= Aage Steen =

Norwegian boxer

Aage Torstein Wetterland Steen (January 15, 1900 - February 28, 1982) was a Norwegian boxer who competed in the 1920 Summer Olympics. At the Olympics, he was eliminated in the quarterfinals of the welterweight class after losing his fight to the eventual gold medalist Bert Schneider.

He was born in Vadsø. He moved to Trondhjem, training under the British coach Arbuckle in the SK Brage sports club. In the spring of 1920 he became Norwegian champion in welterweight, and was named as a part of the Norwegian Olympic boxing squad. Before the Olympics, most of the squad faced each other in exhibition matches at Frogner stadion. Steen beat Trygve Stokstad before fighting middleweight Rolf Jacobsen.
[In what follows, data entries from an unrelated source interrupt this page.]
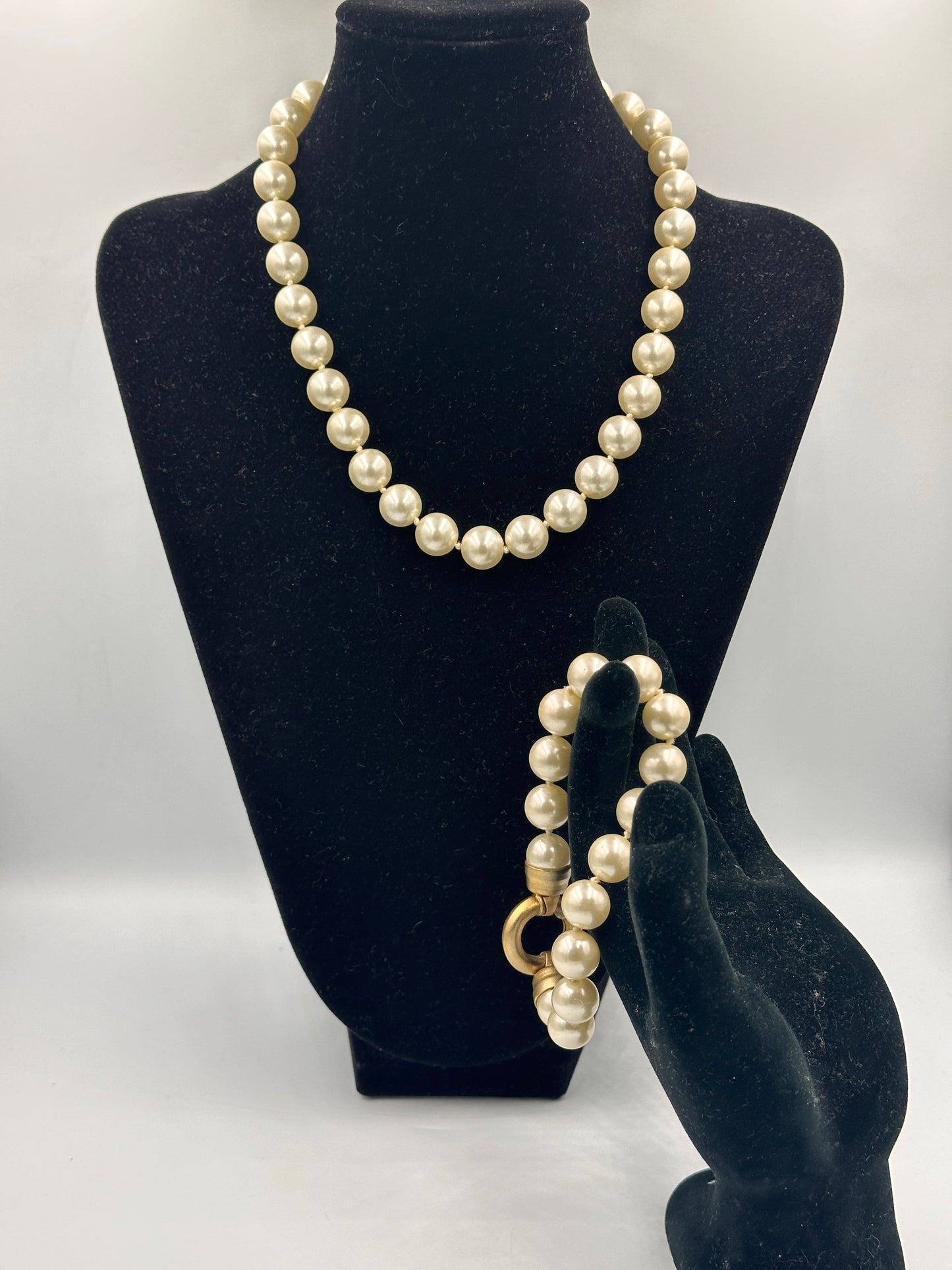 Elegante Perlenkette mit passendem Armband und Goldfarbenem Verschluss
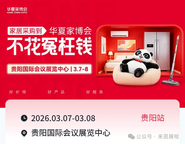 2026年春季贵阳华夏家博会时间将于3月7日-8日地点在贵阳国际会议展览中心举办,本届2026贵阳家博会现场将汇集本地家居建材一线品牌厂商,涵盖:家装设计、家具软装、卫浴陶瓷、地板门窗、橱柜厨电、油漆涂料、灯饰吊顶、壁纸家饰、水暖五金、装修公司等所有房屋装修所需。贵阳装修家博会助力装修市民轻松完成装修采购!
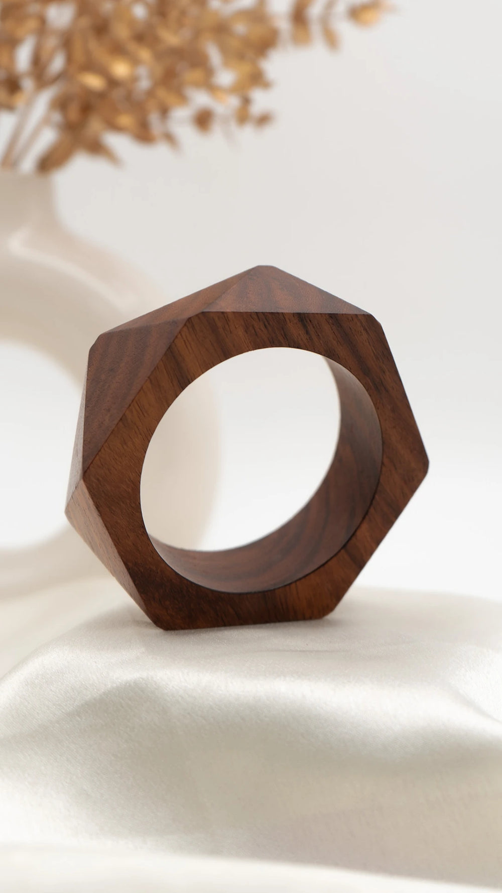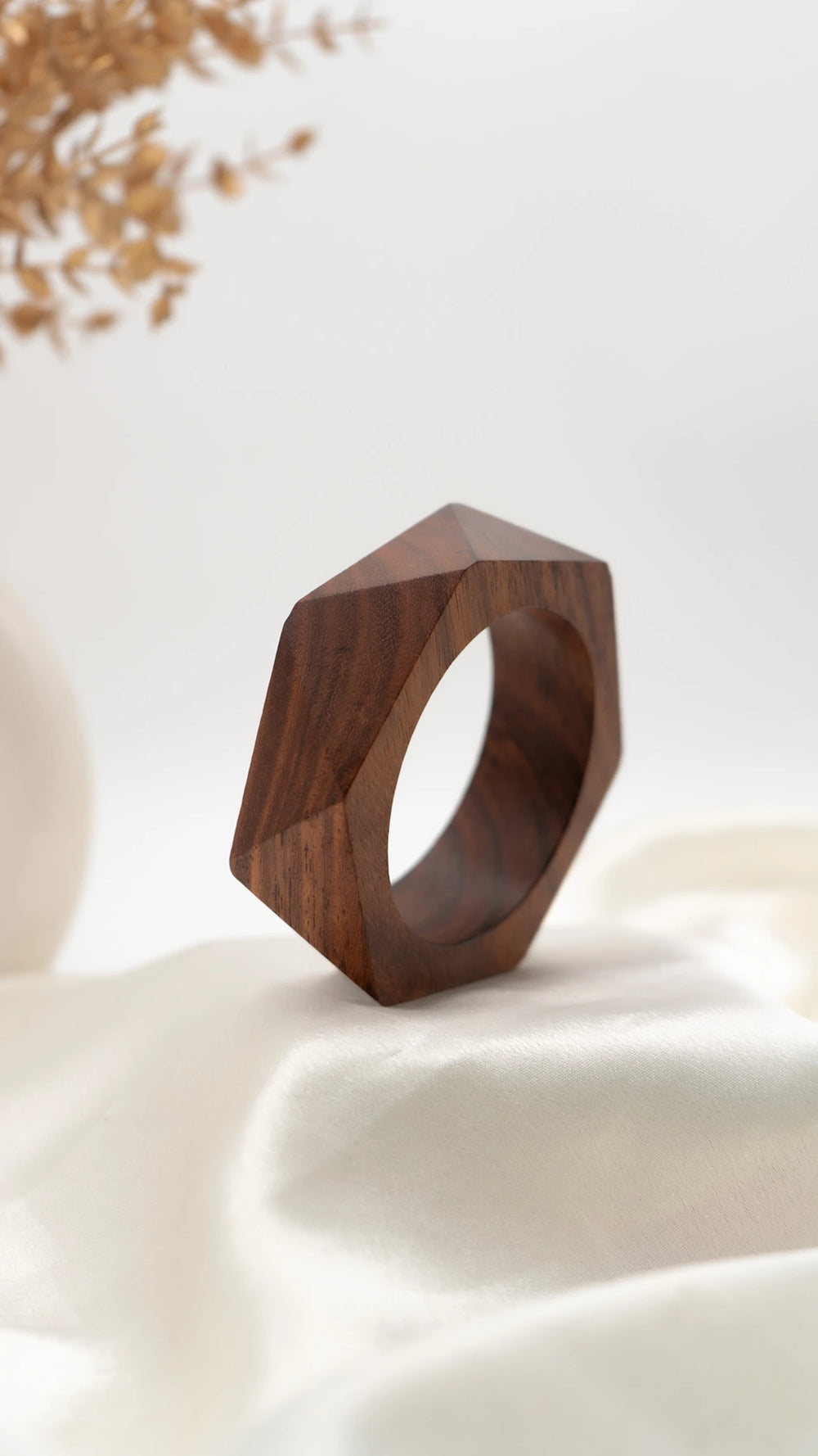 Modern, bold, and effortlessly stylish — the Geometry Wooden Bangle is crafted with sharp, faceted edges that give it a sculptural and contemporary appeal. Made from rich dark wood, its clean geometric form adds an architectural touch to your jewelry collection, making it a true statement piece.

At the Olympics, he defeated Dario Della Valle (Italy) in the round of 32 and then Henn Richards (France) in the round of 16. In the quarter-final, Steen lost to Bert Schneider (Canada). P. Chr. Andersen reported for Aftenposten that Schneider's victory was "a much disputed decision". This was later expanded upon by Dagsposten. First, Della Valle came on the defensive after four left jabs in the first round, whereas Richards could not withstand a couple of right hooks in the third round. "Steen safely took the first round home, whereas the second and third were tighter, and the victory was obviously Steen's, but what happens then, the referees acknowledge Schneider, who absolutely had the lower hand, as the victor. The audience protested vividly, but to what end, the referees' decision is unassailable".

In 1921, Steen won the King's Cup, as the best boxer across all weight classes at the Norwegian championships.

Steen spent his working career in Namsos. Representing the Namsos sports club, he won the silver medal in middleweight at the 1930 Norwegian championships and thereafter vowed to retire.